What follows in the book is an especially complex case of how I did my own hot-footed dance between handling a well-meaning friend who was overdosing on prayer with the patient, a spouse who wanted to buy the false hopes of her friend, and the dementia patient himself, who gave me subtle signals that he wanted peace and quiet. But you’ll have to read or listen to the book for yourself to find out what I did! (You didn’t expect me to give away the whole store, now did you? Encountering The Edge: What People Told Me Before They Died is available from Amazon and any other bookstore and on audible.com)

Chaplain Shoptalk: Payoffs of Pain

The “Prime Directive” of my seven years on the job at 3 different hospices from staff and supervisors has been, “Our number one priority is to reduce pain: physical, emotional and spiritual.” I imagine this is not shocking news to my readers who are familiar with hospice. Sounds like a no-brainer, doesn’t it? But not necessarily from the patient’s point-of-view. Whoa, huh?  

This subject came up among a few of my colleagues on Twitter these past handfuls of hours, in the context of well-meaning people like friends and family trying to make the suffering (of others, mind you, not themselves) meaningful with theological bromides like, “There’s a reason for everything.”

 “My Twitter colleagues practically gagged as they cried out to each other in mutual pain upon considering such platitudes. We all knew that for a chaplain to say anything like that would be a cardinal sin. We all lamented the destructive theological implications of such clichés. But what about when the patient says it? That’s when pain versus meaninglessness get pitted against each other, with pain often the winner. Or to put it another way, spiritual pain may distress a patient more than physical pain.

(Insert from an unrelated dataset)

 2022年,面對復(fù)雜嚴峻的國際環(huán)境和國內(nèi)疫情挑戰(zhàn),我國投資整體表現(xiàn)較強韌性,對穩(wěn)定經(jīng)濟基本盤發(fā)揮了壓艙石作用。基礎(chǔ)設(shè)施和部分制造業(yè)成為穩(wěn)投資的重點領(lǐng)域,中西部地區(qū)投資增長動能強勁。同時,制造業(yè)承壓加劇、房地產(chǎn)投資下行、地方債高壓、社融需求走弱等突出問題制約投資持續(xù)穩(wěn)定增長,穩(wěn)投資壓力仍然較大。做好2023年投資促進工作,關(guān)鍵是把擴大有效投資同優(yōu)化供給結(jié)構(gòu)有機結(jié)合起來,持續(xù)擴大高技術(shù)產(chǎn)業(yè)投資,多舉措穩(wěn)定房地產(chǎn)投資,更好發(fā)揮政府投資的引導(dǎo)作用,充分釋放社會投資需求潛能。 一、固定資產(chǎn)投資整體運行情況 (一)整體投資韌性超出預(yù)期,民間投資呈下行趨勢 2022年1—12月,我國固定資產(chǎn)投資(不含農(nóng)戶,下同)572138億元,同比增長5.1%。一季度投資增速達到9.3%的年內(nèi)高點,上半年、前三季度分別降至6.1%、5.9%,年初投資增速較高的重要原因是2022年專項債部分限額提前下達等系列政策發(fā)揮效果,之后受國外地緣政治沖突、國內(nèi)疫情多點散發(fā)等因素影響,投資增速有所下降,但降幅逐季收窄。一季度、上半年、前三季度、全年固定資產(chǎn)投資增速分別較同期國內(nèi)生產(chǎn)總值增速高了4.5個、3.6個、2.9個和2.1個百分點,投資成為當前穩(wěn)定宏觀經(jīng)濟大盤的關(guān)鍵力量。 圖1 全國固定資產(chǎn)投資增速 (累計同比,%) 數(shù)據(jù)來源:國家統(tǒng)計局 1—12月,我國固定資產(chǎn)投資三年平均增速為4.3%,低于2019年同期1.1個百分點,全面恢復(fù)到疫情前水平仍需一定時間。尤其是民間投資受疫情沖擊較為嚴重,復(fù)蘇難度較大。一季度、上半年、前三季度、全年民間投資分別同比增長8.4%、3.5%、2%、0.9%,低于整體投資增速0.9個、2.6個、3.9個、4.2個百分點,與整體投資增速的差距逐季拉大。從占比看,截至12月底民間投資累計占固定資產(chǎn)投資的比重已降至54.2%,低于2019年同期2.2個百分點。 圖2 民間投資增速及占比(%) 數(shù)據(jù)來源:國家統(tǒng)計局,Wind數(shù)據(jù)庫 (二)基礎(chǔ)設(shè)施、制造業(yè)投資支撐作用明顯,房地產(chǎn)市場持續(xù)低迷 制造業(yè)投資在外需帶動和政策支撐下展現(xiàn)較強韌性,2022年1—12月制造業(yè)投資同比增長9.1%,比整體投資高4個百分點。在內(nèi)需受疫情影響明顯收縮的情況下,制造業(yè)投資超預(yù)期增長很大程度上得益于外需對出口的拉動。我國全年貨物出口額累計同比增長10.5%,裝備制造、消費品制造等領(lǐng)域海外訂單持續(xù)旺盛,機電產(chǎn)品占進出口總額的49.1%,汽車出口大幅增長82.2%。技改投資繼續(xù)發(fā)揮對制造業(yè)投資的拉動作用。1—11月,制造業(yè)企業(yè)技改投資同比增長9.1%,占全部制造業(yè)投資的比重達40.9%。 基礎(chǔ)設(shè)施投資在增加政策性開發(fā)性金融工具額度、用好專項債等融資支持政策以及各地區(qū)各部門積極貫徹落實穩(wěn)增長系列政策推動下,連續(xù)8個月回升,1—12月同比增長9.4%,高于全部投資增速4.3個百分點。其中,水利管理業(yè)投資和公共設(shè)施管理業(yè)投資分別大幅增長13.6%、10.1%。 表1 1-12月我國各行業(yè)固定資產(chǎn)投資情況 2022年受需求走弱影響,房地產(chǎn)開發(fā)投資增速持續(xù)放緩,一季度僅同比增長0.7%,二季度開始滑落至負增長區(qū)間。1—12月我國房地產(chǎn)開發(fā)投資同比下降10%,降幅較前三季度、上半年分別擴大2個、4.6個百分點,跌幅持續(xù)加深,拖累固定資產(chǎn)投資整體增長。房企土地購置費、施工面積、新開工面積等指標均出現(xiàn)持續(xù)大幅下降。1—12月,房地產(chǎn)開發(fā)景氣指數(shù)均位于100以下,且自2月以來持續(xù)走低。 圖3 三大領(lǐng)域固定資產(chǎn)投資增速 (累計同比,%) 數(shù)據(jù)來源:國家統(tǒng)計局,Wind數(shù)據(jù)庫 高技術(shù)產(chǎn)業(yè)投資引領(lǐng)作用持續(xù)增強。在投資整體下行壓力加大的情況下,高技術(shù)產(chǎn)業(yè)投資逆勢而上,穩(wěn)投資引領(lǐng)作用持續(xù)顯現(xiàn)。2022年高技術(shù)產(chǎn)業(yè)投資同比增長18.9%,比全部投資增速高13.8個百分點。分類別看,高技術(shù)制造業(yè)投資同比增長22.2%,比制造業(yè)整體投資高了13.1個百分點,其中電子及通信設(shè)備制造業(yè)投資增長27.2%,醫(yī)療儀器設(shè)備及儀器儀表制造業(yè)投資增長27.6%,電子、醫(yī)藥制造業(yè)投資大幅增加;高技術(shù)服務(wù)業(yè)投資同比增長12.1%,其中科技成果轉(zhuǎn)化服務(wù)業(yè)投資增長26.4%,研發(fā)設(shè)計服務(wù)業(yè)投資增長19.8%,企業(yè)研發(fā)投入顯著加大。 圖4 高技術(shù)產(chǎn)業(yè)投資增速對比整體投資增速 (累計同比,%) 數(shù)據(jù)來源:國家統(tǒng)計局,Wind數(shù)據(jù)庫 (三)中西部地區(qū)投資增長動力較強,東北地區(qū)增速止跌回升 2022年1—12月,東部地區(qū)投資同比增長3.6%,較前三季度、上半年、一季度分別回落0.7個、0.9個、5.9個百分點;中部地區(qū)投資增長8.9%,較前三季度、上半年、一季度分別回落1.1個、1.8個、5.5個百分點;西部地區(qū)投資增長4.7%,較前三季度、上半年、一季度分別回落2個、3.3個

Patients often try to make sense out of their physical pain, or try to wring meaning out of the fact that the disease will only get worse. I have had patients refuse pain medication because they argued that their discomfort let them atone for some transgression. Some say it is God’s will to feel pain and therefore we must not question why we experience it. The alternative in the minds of those patients apparently is the more spiritually painful option of saying that God is powerless to prevent disease, or even worse, that God causes suffering at random or does not even exist.

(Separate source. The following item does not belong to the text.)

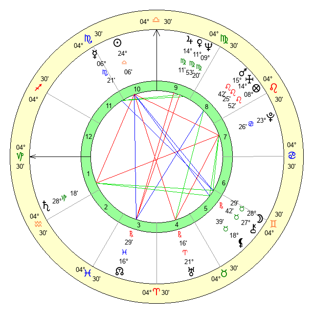 | Mars | 15 Leo 42 | 17 Scorpio 23 | 20 Virgo 14 |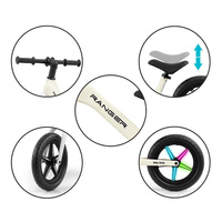 Trajno in izdelano z najsodobnejšo tehnologijo iz pena EVA. 12" kolesa, ki se ne prebijajo in jih ni treba napihovati, so brez vzdrževanja. Ergonomski sedež, ki ga je mogoče nastaviti po višini z mehkimi blazinami, zagotavlja udobje otroka in raste skupaj z njim. Kolo Ranger Flash ima ležajska krmila in ležajska kolesa. Protiskluzni ročaji iz mehkega gumija zagotavljajo varen oprijem in udobno manipulacijo.

To say that a disease “just happens” no matter the person’s merits, healthy lifestyle, or beliefs, can be more terrifying to the patient than some sort of explanation, no matter how unsavory or imbecilic the implications. To say that a disease is Divine punishment does not put God in an admirable light even for an adult, let alone a child. Yet when a patient says pain and disease are for a reason or are a test of faith and so on, this folk theology prevents them from having their cherished beliefs overturned.

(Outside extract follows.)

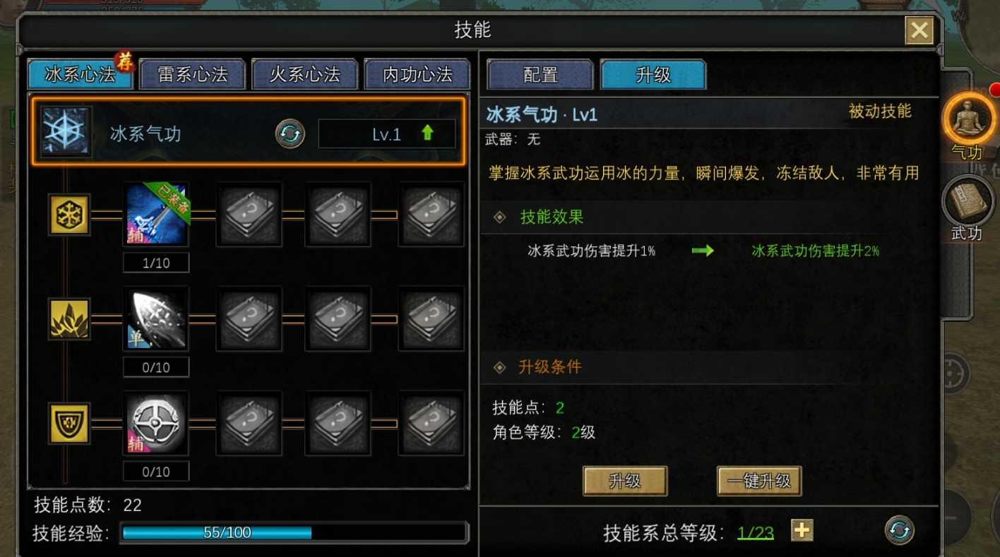 前期装备以有什么就用什么为主,不用过于追求,待等级高后解锁了后续的玩法可以慢慢地去刷。在心法的选择上,可以选择游戏所推荐的冰系,该类型的心法对弓箭手的加成很大,也很适合多种练级环境,在大部分副本中也有着优异的表现。

What’s a chaplain to do? This reminds me of situations where I talk with patients who are racist or have other prejudices. (See my earlier post on that topic: https://offbeatcompassion.wordpress.com/2013/08/13/a-contest-between-prejudice-and-the-angel-of-death/ ) We cannot talk people out of their beliefs; we can only let them articulate them, creating a space for them to put those beliefs “out there” and reflect upon how they sound. Certainly once I write something, such as a post, I am almost always dissatisfied with the grammar, choice of words, and the inherent interest of the topic. Thus I revise and revise.

 So it is with speech. I know sometimes once I say something out loud to another person, I may realize it was not so smart or true after all, especially if they do not show agreement. But those people I said it to may be long gone by the time I have sorted that out for myself. So it is with our patients; we are there to enable them to go on to deeper insights that relieve suffering, but unlike published writing, we are rarely privy to the final draft of their silent revisions.